You are viewing a plain text version of this content. The canonical link for it is here.
Posted to dev@lucene.apache.org by "Harish Kayarohanam (JIRA)" <ji...@apache.org> on 2015/07/28 06:47:04 UTC
[jira] [Comment Edited] (LUCENE-373) Query parts ending with a colon are handled badly

    [ https://issues.apache.org/jira/browse/LUCENE-373?page=com.atlassian.jira.plugin.system.issuetabpanels:comment-tabpanel&focusedCommentId=14643840#comment-14643840 ] 

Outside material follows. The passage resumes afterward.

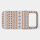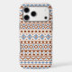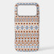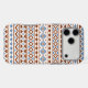 An Aztec style design in a digital and vector pattern with rust/terracotta color and blue detail on a cream background.
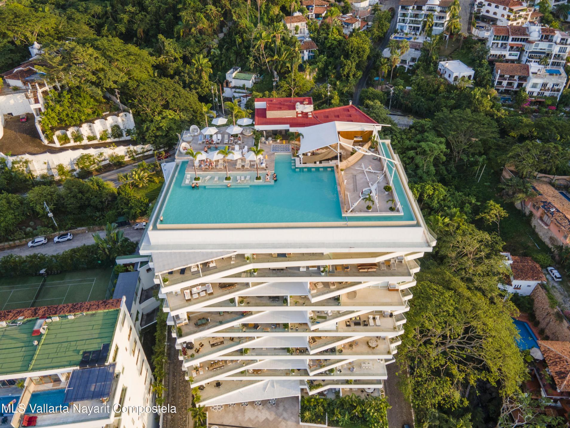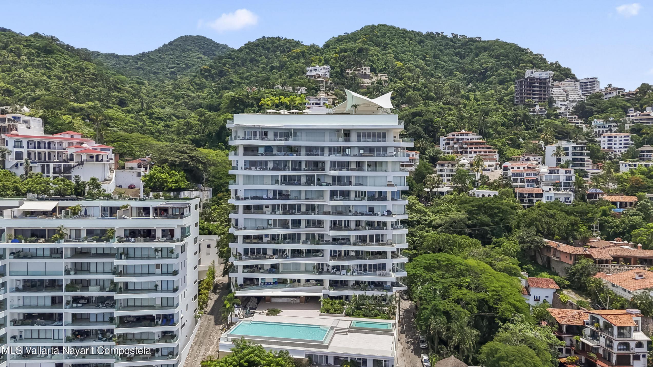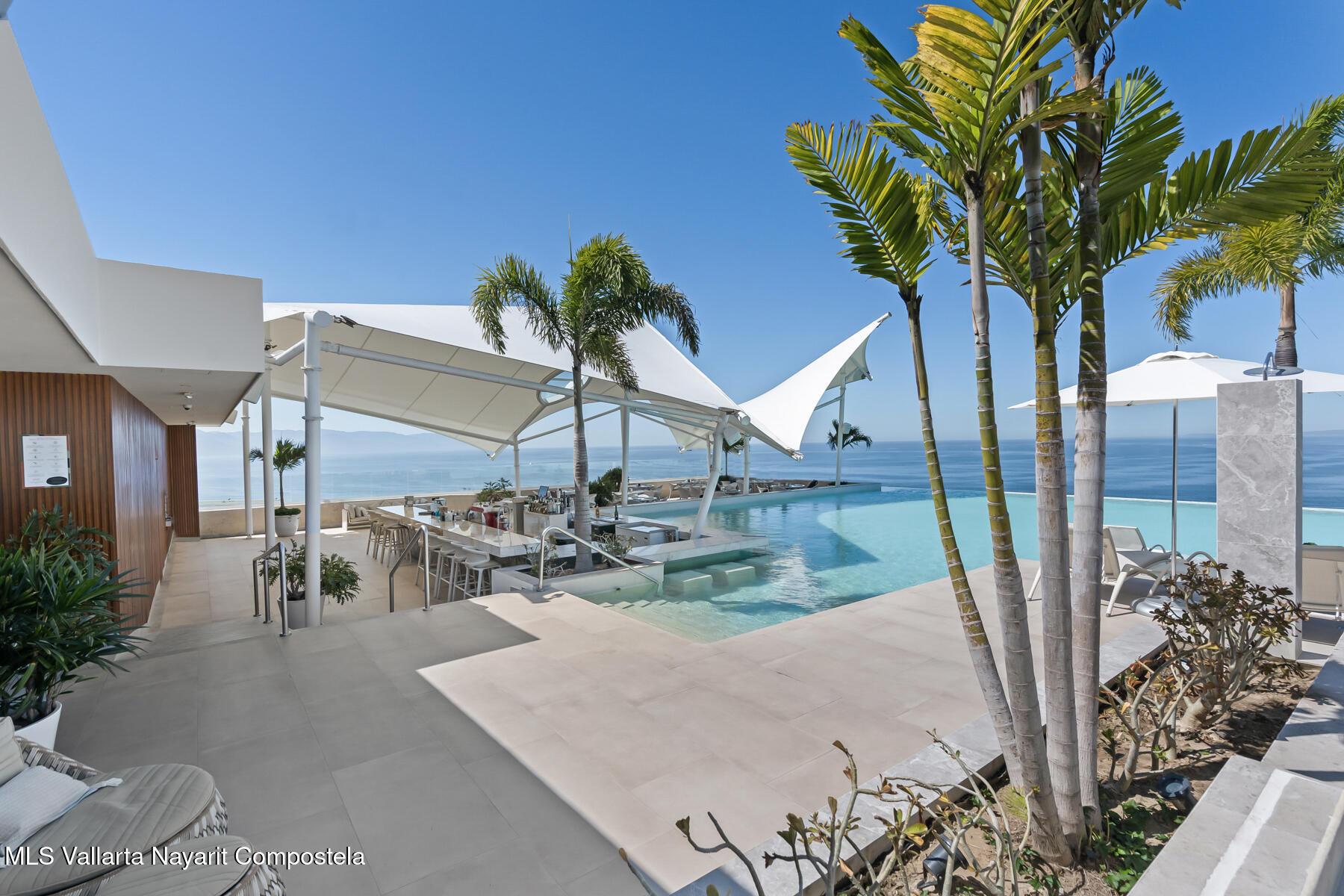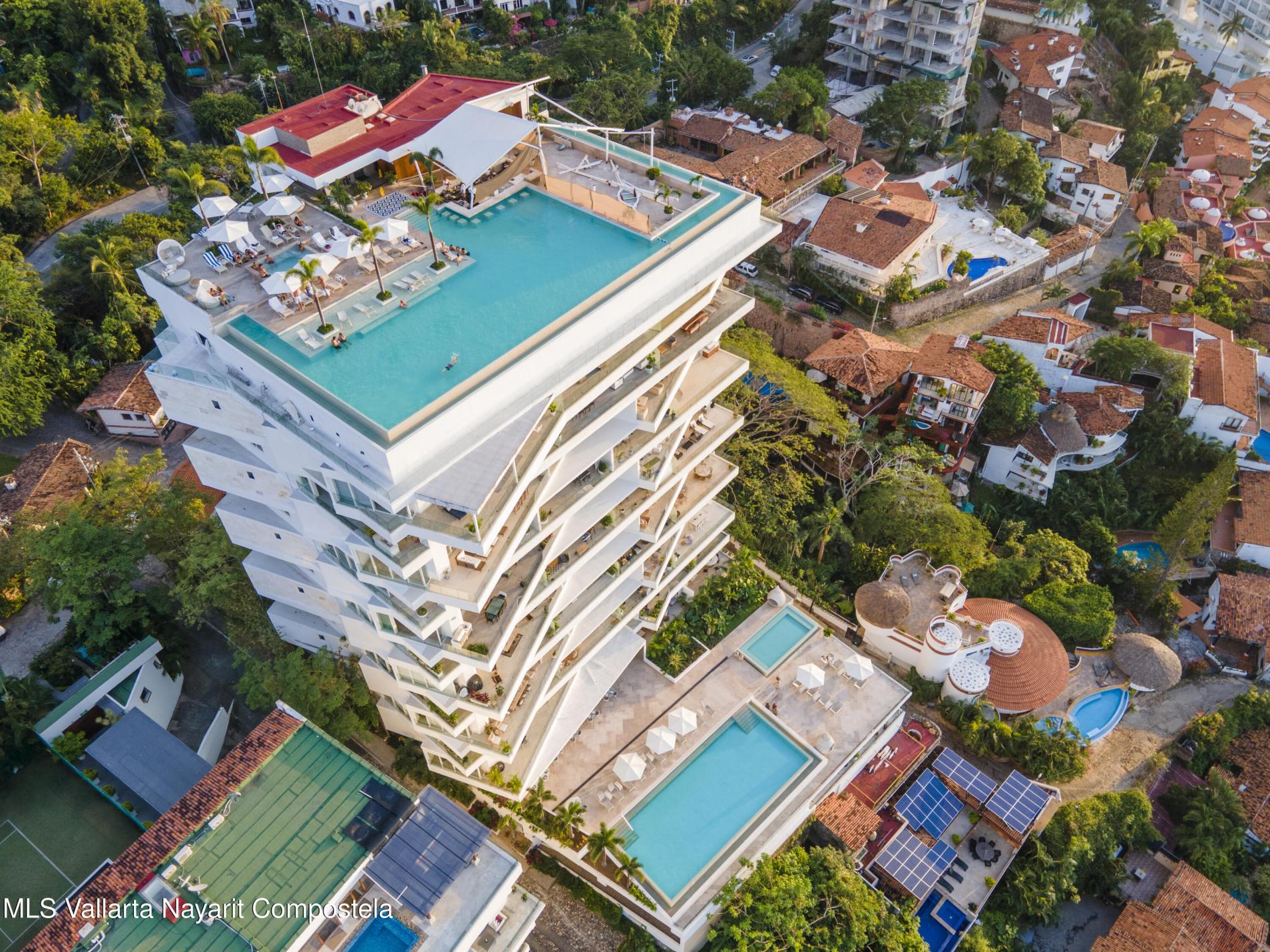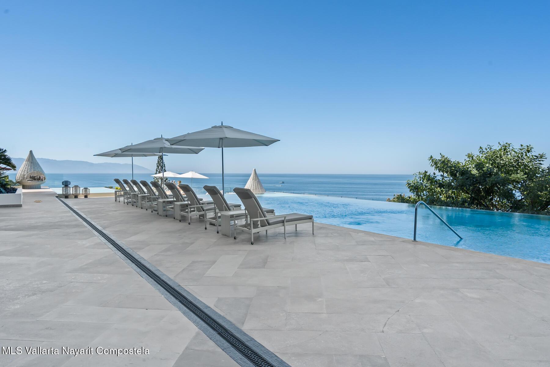 Beautiful corner 5 Bedroom PH unit located in beautiful Conchas Chinas, Puerto Vallarta most renowned area. Situated in the exclusive enclave of Conchas Chinas. framed by expansive floor to ceiling glass doors and complemented by thoughtfully curated interiors and custom furnishings. The entire south-west corner of the home vanishes with the sliding doors opening entirely to the ocean views . Each bedroom features a high-end modern feel, en-suite bathroom, enhancing providing both luxury and confort.

Harish Kayarohanam edited comment on LUCENE-373 at 7/28/15 4:46 AM:
--------------------------------------------------------------------

My understanding of the above issue and analyze if it really needs a fix, if so where, or to find if it is an enhancement.

section 1:
==========
>>> If queryString is "title: search", there's no exception. However, the parsed
>>> query which is returned is "title:search". 
This is as expected.

section 2:
==========
>>> If queryString is "title: contents: text", 
>>> the parsed query is "title:contents" and the "text" part is ignored completely. 
this needs revisit. may be we should bring in something like
a = b = 2 in java or python or javascript or ruby means 2 is assigned to a and b .
so similar approach can be followed here .This is discussed in detail later in my answer(see section 5 & 7)

section 3:
==========
>>> When queryString is "title: text contents:" the above exception is
>>> produced again.
This is also expected . It breaks the syntax.
Why ? and Why this may not be conceived as a bug ?
We should accept one thing that is that lucene query language is like a language of
its own and it has its own syntax. So we should obey that . 
And I would say that it has a meaningful syntax. It is not weird.
why did I make the above statement ?
Let us see what happens in other  programming languages(say python or java or javascript or ruby) .
say a = ; ( a = 
is an error (unexpected End of input error)
similary 
 = 2;
is an error ... so
this is something that is common in all most languages and expected ..
why is this the most expected ?
the idea is 
1) if you assign something to nothing it is a bug. = 2
2) if you assign nothing to something it is a bug. a = 
 
Now lets comes to lucene context :
 = something ...
then comes the question "what should we search something against default field of something else?" this is meaningless . so it is  best choice made by lucene developers to have considered it as a bug and throw parseException.
something = 
what should we search for in field something ... we should not infer anything as value unless told explicitly , so here too it is  best choice made by lucene developers to have considered it as a bug and throw parseException. I personally like the decision made.

section 4:
==========
>>> This seems inconsistent. Given that it's pointless searching for an empty
>>> string (since it has no tokens), I'd expect both "search title:" & "title:
>>> search" to be parsed as "search" (or, given the default field I specified,
>>> "contents:search"), 
search title:  
is like as explained above . I like the present syntax as it is best for a syntax not to assume anything unless
said explicitly. like the cases
 = 2 
a = 
where we cannot assume either the field or the term. so it should be a parseException and that is what we get now.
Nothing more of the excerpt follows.